Açores mantêm "muito boa expetativa" sobre candidatura das fajãs de S. Jorge à Unesco

Açores mantêm "muito boa expetativa" sobre candidatura das fajãs de S. Jorge à Unesco

 

Lusa/AO Online   Regional   21 de Set de 2015, 19:36

O secretário regional da Agricultura e Florestas dos Açores, Neto Viveiros, manifestou hoje a "muito boa expetativa" do arquipélago em relação à aprovação da candidatura das fajãs de São Jorge a Reserva da Biosfera da Unesco.

Em declarações aos jornalistas, após a entrega formal da documentação à Comissão Nacional da UNESCO (Organização das Nações Unidas para a Educação, Ciência e Cultura), em Lisboa, o governante adiantou que a embaixadora que recebeu a candidatura ficou com "boa impressão" do processo vindo dos Açores.

"É com alguma satisfação e muito boa expetativa que esperamos que a candidatura venha a ser aprovada, para dar início a um novo ciclo para a ilha de São Jorge", destacou Luís Neto Viveiros.

Segundo o governante, esta candidatura, que agora será apreciada em Paris, irá significar para os Açores "responsabilidades acrescidas" em termos de gestão da futura Reserva da Biosfera.

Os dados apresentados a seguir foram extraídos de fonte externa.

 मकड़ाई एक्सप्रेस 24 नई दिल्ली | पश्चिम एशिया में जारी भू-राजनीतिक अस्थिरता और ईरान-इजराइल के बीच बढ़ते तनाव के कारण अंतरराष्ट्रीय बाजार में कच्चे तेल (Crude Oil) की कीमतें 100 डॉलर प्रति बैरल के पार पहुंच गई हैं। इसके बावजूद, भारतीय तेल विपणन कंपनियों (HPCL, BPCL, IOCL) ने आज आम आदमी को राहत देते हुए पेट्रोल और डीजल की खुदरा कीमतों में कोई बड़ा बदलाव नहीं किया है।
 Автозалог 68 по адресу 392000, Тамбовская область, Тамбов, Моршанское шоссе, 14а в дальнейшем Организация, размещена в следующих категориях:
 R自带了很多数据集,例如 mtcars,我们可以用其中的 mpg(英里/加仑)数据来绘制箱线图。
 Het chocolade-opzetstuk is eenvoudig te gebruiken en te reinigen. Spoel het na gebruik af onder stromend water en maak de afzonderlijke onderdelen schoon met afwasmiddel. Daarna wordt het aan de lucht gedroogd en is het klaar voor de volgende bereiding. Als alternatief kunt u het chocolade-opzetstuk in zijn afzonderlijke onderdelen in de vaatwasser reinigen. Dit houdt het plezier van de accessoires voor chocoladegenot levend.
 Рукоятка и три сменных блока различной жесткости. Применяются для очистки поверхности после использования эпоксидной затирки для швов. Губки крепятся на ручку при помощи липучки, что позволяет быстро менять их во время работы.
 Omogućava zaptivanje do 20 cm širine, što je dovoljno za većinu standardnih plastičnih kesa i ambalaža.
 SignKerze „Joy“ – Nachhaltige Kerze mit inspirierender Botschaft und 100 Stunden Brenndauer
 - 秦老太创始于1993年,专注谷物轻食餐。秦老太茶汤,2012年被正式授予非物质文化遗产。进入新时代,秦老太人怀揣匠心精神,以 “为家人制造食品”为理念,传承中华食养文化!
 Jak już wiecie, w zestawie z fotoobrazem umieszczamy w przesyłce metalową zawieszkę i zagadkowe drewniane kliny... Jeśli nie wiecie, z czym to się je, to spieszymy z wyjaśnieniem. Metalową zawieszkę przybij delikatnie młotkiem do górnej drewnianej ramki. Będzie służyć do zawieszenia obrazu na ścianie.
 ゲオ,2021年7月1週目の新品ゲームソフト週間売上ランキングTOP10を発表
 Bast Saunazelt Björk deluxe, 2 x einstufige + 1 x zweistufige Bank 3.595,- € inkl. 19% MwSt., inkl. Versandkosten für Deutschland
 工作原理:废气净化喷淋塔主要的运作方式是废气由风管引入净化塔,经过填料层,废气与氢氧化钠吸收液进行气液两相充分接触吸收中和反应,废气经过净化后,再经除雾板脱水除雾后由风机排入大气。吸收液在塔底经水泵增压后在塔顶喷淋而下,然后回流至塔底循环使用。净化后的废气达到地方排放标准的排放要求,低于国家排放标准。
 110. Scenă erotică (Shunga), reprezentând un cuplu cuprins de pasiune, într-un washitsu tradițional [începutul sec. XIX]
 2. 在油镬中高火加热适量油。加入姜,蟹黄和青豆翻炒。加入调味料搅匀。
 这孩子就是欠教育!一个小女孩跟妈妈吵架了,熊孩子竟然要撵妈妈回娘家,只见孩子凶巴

A candidatura das fajãs de São Jorge a Reservas da Biosfera inclui cerca de meia centena de cartas de apoio de outros países e regiões que já têm o mesmo estatuto e ainda cartas de "todas as freguesias da ilha de São Jorge".

A resposta à candidatura açoriana só será dada em março de 2016, no Peru, onde decorrerá o próximo Congresso Mundial de Reservas da Biosfera.

Os Açores possuem três ilhas classificadas como reserva da biosfera (Flores, Corvo e Graciosa), havendo no total do país oito zonas com esta distinção.

As fajãs de São Jorge - que são mais de 70 e, em diversos casos, de difícil acesso - são terrenos planos ao nível do mar numa ilha que é muito escarpada e com alguma altitude.

As fajãs resultaram da acumulação de detritos, na sequência de terramotos ou de escoadas lávicas das erupções vulcânicas e os seus terrenos planos e férteis, onde existe um clima mais ameno do que nos pontos altos da ilha, acabaram por ser usados pelas populações, ao longo dos séculos, para a agricultura.